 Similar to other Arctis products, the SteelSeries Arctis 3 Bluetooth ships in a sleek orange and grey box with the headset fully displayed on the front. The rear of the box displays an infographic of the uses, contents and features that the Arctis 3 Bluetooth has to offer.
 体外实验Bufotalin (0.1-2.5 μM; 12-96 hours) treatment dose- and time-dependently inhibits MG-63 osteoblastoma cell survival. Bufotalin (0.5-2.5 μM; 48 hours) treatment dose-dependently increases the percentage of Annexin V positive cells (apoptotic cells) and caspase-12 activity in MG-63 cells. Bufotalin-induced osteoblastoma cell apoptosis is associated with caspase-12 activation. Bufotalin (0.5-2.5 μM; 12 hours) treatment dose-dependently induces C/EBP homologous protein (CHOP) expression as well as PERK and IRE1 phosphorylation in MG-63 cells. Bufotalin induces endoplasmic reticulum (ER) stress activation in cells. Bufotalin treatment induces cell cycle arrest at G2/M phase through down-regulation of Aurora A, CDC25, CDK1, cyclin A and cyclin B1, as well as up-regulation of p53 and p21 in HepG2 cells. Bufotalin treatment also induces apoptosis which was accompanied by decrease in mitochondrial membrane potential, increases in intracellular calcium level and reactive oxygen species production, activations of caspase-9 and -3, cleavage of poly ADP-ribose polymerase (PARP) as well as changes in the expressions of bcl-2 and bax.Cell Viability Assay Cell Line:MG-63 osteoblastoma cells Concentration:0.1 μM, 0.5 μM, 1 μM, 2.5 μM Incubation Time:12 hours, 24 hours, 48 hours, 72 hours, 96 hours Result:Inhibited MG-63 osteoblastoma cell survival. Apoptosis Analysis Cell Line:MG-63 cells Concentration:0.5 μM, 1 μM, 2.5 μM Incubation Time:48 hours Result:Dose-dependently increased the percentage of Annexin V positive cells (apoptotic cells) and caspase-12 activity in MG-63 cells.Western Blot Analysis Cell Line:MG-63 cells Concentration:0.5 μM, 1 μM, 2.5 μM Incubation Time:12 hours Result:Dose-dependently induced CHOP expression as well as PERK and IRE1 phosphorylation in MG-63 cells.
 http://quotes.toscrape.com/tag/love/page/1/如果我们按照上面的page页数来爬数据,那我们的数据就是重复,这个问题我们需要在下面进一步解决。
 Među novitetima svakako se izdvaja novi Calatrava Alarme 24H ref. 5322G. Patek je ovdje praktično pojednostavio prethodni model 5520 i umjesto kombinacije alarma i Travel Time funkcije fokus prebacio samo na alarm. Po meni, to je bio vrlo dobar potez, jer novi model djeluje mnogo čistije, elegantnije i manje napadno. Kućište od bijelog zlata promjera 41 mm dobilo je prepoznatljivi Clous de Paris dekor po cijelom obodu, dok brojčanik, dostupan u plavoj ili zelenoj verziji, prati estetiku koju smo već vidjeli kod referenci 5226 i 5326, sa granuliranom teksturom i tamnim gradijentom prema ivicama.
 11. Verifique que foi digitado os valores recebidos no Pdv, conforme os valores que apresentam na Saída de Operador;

───

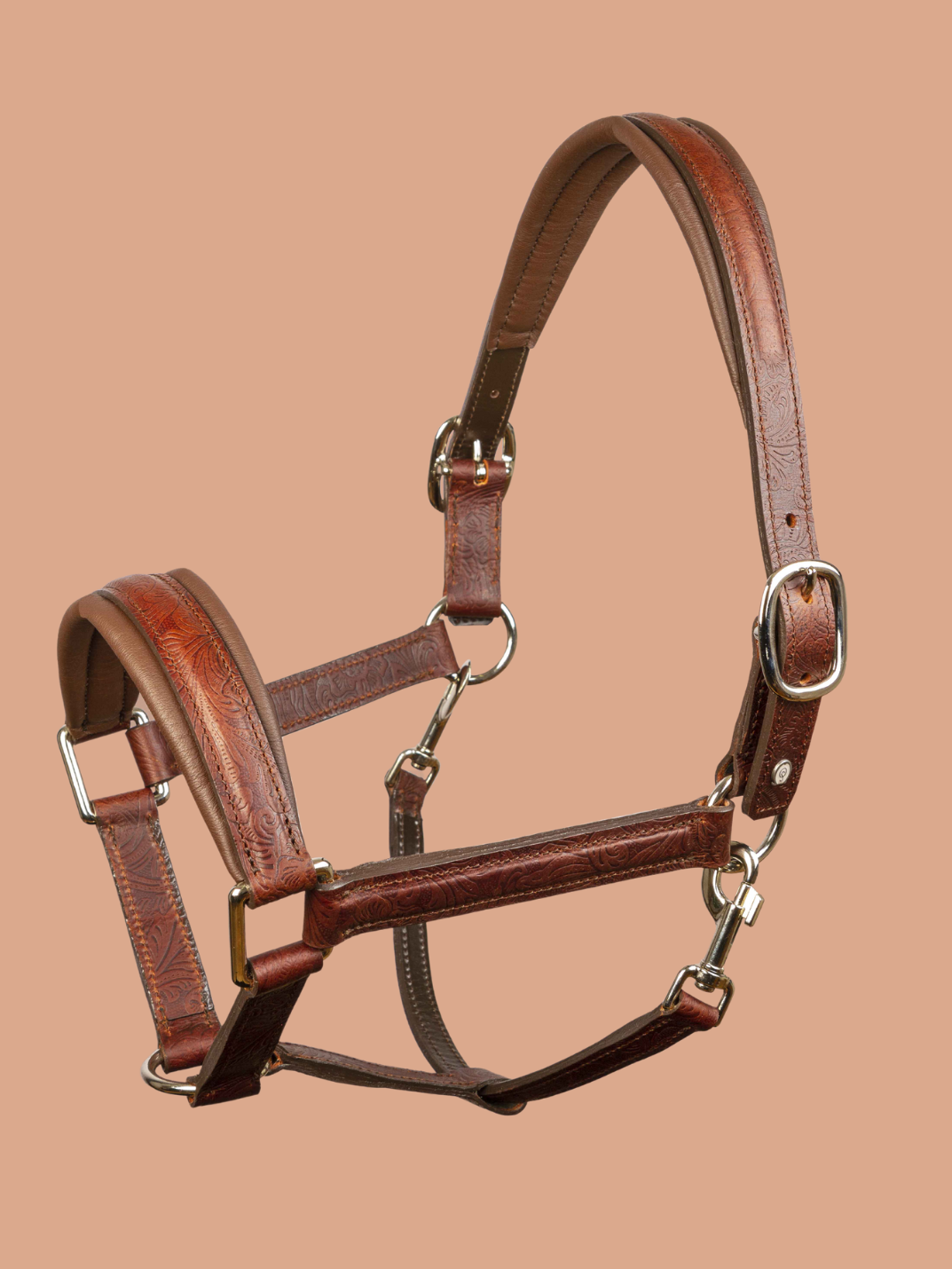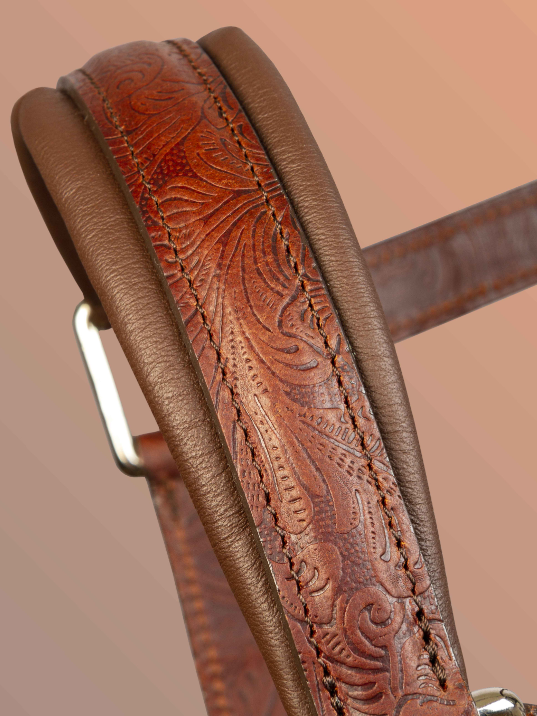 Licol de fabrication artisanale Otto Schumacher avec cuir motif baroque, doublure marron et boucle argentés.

───

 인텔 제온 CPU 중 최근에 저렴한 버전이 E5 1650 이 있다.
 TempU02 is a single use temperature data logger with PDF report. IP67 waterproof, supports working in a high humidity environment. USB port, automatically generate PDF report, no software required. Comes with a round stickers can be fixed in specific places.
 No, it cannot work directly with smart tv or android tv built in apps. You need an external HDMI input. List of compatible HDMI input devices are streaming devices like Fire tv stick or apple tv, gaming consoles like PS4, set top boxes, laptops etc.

───

### YOUR TASK
Lines wanted from the listing above: the line with "인텔 제온 CPU 중 최근에 저렴한 버전이 E5 1650 이 있다." up to and including the line with "No, it cannot". Please write them out exactly, adding nothing else.

### ANSWER AREA
 인텔 제온 CPU 중 최근에 저렴한 버전이 E5 1650 이 있다.
 TempU02 is a single use temperature data logger with PDF report. IP67 waterproof, supports working in a high humidity environment. USB port, automatically generate PDF report, no software required. Comes with a round stickers can be fixed in specific places.
 No, it cannot work directly with smart tv or android tv built in apps. You need an external HDMI input. List of compatible HDMI input devices are streaming devices like Fire tv stick or apple tv, gaming consoles like PS4, set top boxes, laptops etc.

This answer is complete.